The final week, predictably enough, involved ironing out the last remaining bugs before submission. For example, in trying to make scene 1 look more aesthetically pleasing (matching fog colour to skybox lighting, tweaking the materials of the landscape, floor tiles and statue so that it looked more blended) I ended up accidentally causing an issue with the Zeus statue. It seemed to be being eaten by moths! Random patches across the face, chest and shoulders were missing. The solution turned out to be simply to push the metallic slider on the texture up to max. A simple solution that was the 50th thing we tried so it took forever to fix.
I noticed that the frame rate dropped down to <100 in scene 2, which was due to the pressure on the graphics card induced by the presence of 10 different big mirrors. The solution was to make the first three mirrors active at the start of the scene and then switch these off and the other seven on when they moved into the third and final bird experience.
I also had to switch over all the narrator clips from my voice to that of my voice actor friend. Once these were in the experience I realised that I needed to get him to do some of them again. This is because while they sounded fine when listened to in isolation, it didn’t always work in succession as the story unfolded.
The last of these narrative passages in scene 2 tells the player to walk through the appropriate mirror: left mirror to continue as the first bird (the sparrow) middle mirror to continue as the second bird (either the crow or the duck) and the right mirror to continue as the third bird (either the gull, the eagle, the owl or the pigeon).
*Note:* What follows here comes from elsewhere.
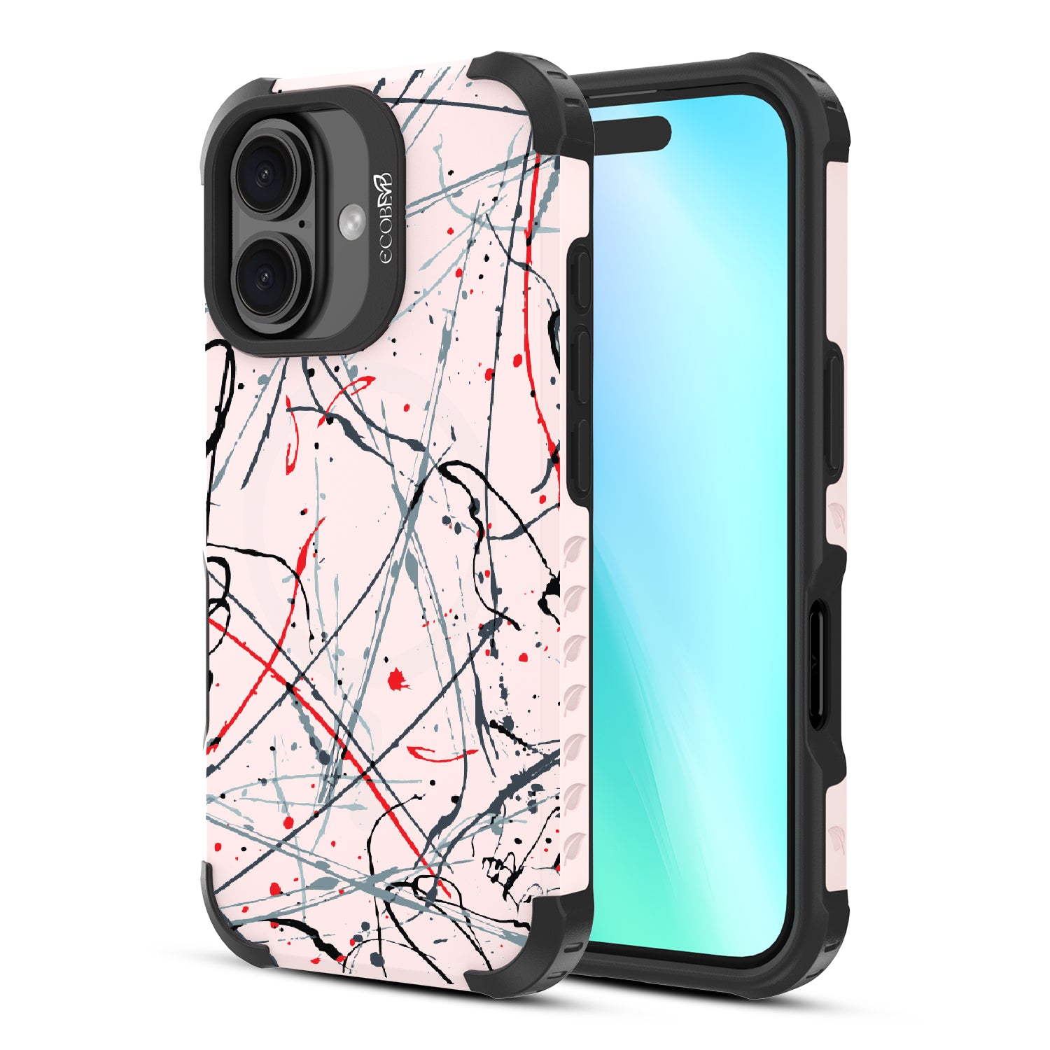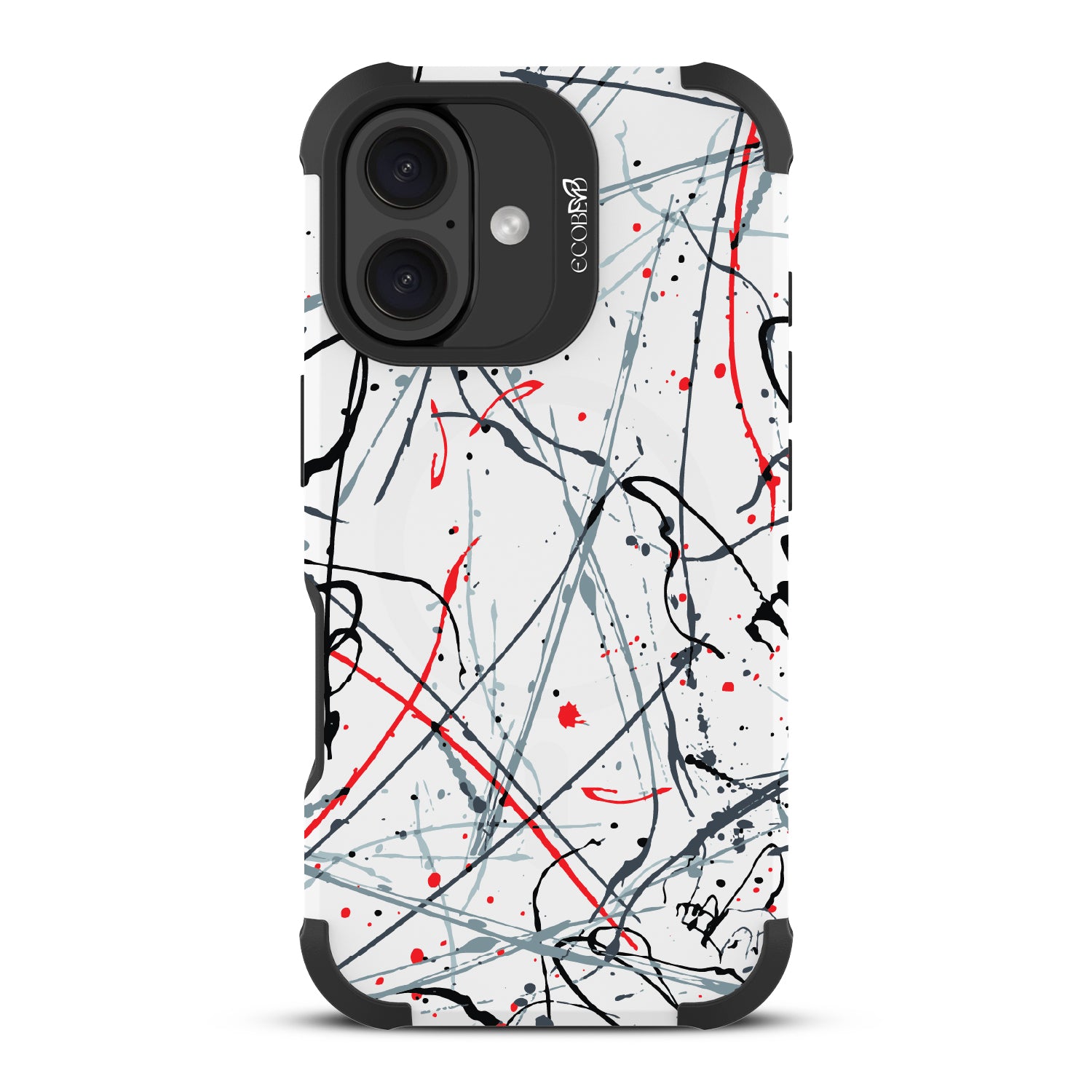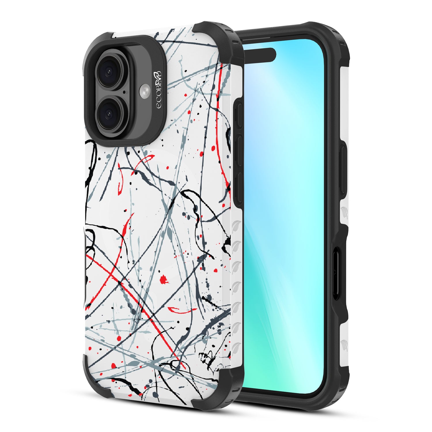 Unconventional and avant-garde, the Stroke Of Genius design on our Revive clear iPhone 16 phone case is a bold statement of progress that captures the essence of a creative journey - its abstract paint splatter lines with black and red lines resembling brush strokes signify the power, potential, and elegance of a stroke or flick that can ignite the genius within you, or at least on your phone.

This required setting up three different trigger boxes and re-writing of the script that closes doors (to present re-entry to previous corridors) so that it would remove any birds stood at the foot of each mirror at the final decision point so that only the birds encountered were featured i.e. if the last bird experienced was the eagle, then the owl, pigeon and gull are rendered invisible.
I also needed to nail down the AR component of scene 3, which includes 5 different QR codes scattered around the forest, each result in the superimposition of a 3D animation of one of the birds with a Zeus narrative description of a fascinating bonus fact about that bird. The final solution (so to speak) was to buy a webcam for my PC to test the android build and then send it to Alex to double check it also works on his Android smartphone.
The final mission was to add some berries to the trees that would periodically drop so that they could be collected by the player (simply by running around, flying comes in a later build). Each tree simultaneously drops all their huge oversized pink berries which then roll around on the ultra-smooth floor until they reach equilibrium, which was very useful for catching the player’s eye.